_WORK TO BE COMPLETED_
Starting at the line below that contains "Let's start with" and ending at the line that contains "The AI Visibility", retype each line exactly as it stands, but omit the pictures.

[Stored items]
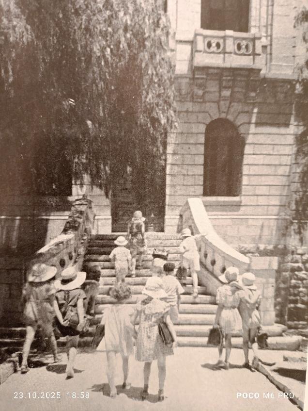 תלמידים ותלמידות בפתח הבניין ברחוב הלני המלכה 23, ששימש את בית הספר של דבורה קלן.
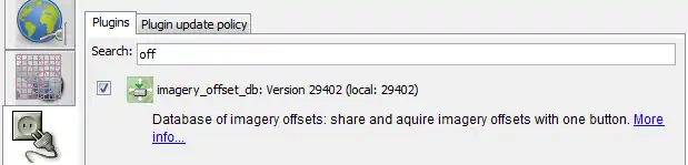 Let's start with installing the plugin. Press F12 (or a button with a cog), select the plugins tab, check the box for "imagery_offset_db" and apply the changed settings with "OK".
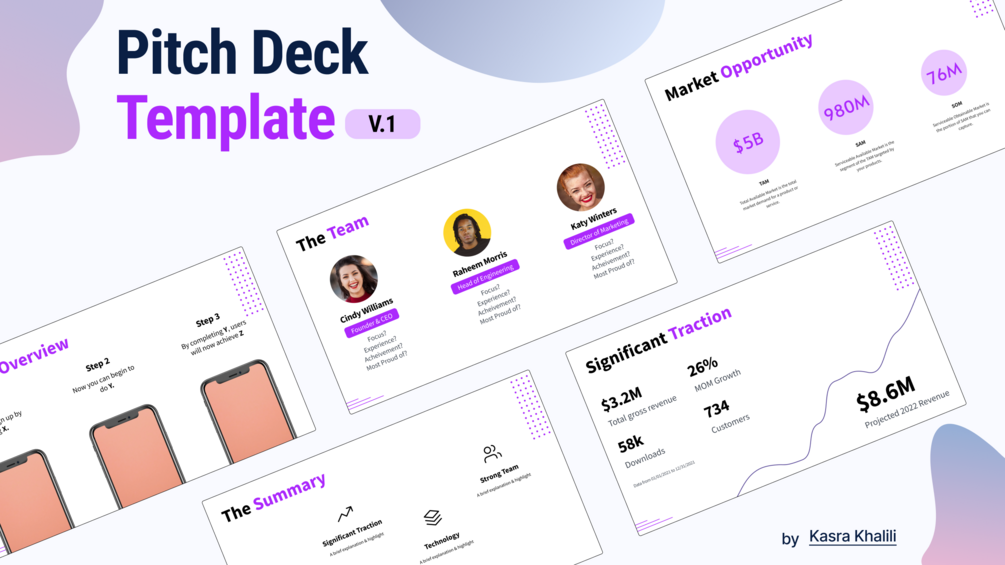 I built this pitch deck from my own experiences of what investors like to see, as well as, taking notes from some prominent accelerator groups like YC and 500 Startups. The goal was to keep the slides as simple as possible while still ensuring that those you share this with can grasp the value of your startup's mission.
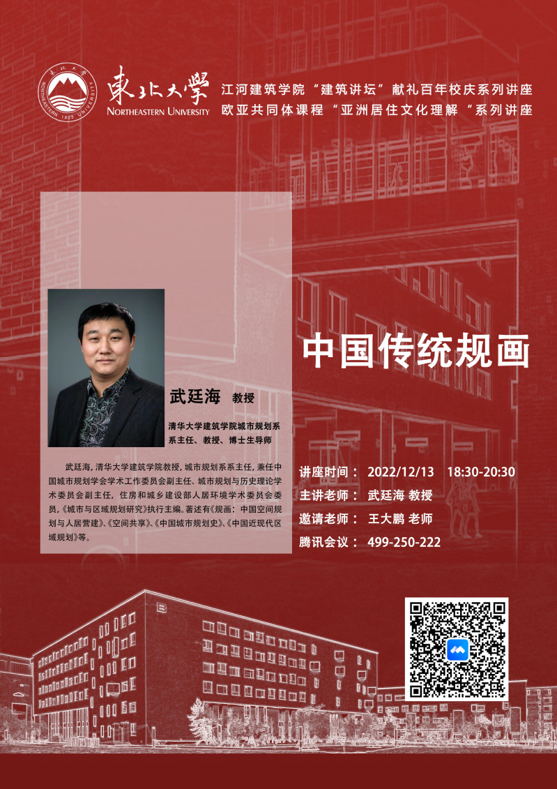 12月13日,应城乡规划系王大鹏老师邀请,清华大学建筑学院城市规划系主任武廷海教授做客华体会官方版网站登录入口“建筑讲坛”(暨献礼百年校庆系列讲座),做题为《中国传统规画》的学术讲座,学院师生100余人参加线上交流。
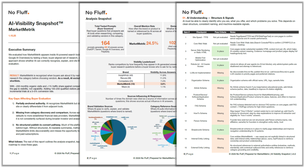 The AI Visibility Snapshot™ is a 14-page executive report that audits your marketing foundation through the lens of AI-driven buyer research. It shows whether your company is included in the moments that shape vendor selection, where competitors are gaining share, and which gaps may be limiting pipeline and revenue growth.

* * *

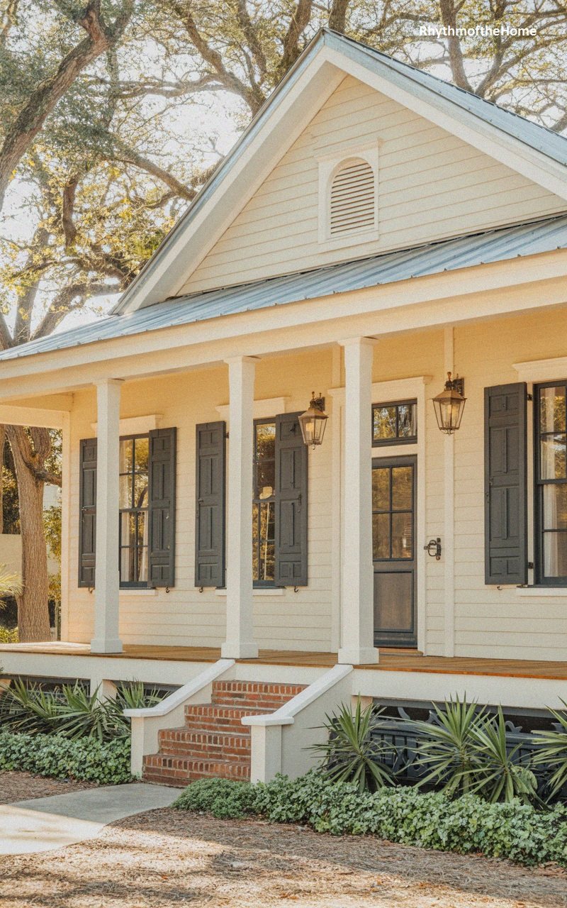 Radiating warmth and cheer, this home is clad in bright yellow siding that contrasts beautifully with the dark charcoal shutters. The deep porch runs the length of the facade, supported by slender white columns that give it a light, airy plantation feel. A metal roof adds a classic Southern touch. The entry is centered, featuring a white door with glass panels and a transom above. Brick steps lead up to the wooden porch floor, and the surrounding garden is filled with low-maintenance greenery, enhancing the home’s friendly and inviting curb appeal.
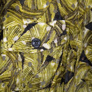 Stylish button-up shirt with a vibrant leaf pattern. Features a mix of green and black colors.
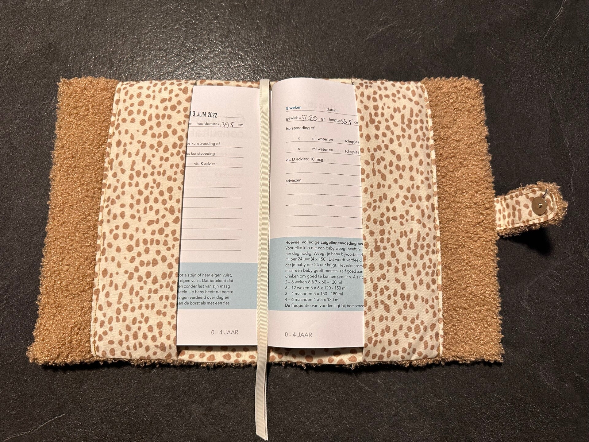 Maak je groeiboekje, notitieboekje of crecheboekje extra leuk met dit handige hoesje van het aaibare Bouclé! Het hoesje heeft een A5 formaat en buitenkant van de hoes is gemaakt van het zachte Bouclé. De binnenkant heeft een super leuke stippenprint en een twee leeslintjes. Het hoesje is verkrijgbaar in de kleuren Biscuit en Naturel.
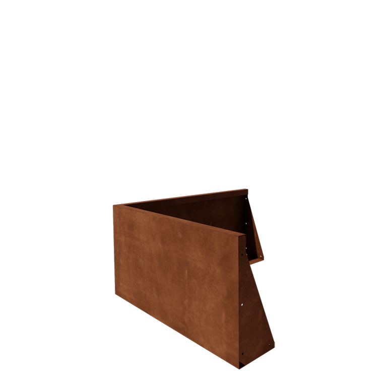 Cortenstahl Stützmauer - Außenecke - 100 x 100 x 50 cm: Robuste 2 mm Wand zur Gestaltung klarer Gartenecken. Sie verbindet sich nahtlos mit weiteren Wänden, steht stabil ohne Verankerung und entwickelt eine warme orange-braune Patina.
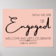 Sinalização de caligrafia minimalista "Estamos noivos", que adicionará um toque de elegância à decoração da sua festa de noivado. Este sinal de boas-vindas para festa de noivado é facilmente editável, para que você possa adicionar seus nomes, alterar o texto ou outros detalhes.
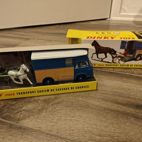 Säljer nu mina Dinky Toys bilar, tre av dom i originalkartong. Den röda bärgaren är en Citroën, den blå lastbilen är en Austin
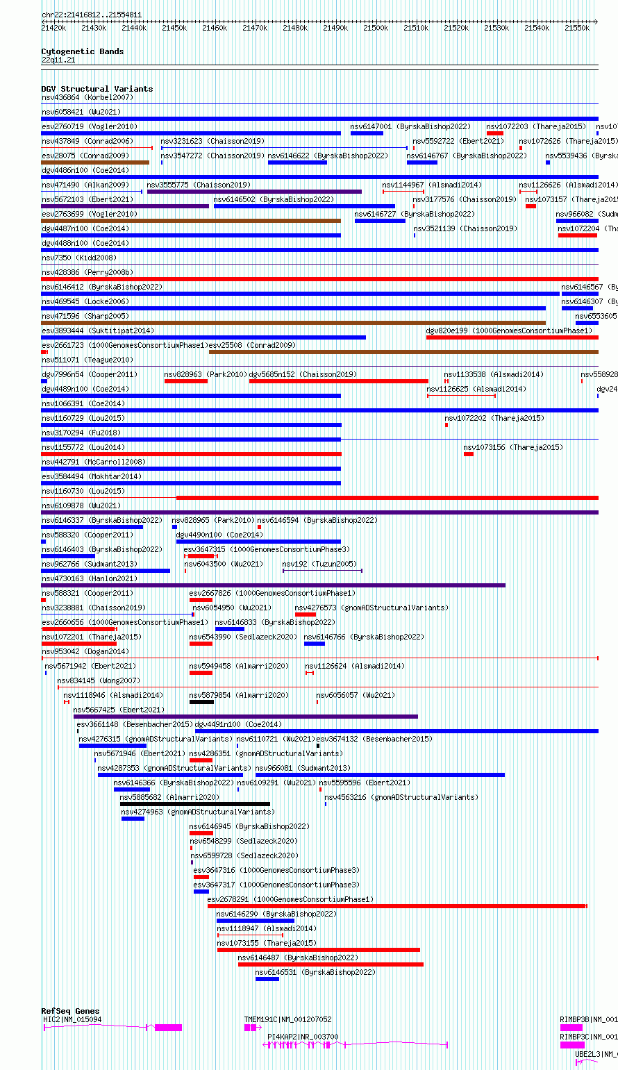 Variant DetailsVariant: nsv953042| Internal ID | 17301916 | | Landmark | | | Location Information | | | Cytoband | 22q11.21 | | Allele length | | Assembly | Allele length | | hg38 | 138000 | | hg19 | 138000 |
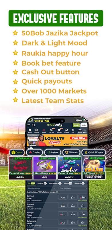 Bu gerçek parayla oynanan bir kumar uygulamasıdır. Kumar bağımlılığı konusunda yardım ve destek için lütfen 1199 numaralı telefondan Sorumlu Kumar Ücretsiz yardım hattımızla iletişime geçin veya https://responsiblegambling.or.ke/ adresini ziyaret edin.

_RESPONSE BELOW_
 Let's start with installing the plugin. Press F12 (or a button with a cog), select the plugins tab, check the box for "imagery_offset_db" and apply the changed settings with "OK".
 I built this pitch deck from my own experiences of what investors like to see, as well as, taking notes from some prominent accelerator groups like YC and 500 Startups. The goal was to keep the slides as simple as possible while still ensuring that those you share this with can grasp the value of your startup's mission.
 12月13日,应城乡规划系王大鹏老师邀请,清华大学建筑学院城市规划系主任武廷海教授做客华体会官方版网站登录入口“建筑讲坛”(暨献礼百年校庆系列讲座),做题为《中国传统规画》的学术讲座,学院师生100余人参加线上交流。
 The AI Visibility Snapshot™ is a 14-page executive report that audits your marketing foundation through the lens of AI-driven buyer research. It shows whether your company is included in the moments that shape vendor selection, where competitors are gaining share, and which gaps may be limiting pipeline and revenue growth.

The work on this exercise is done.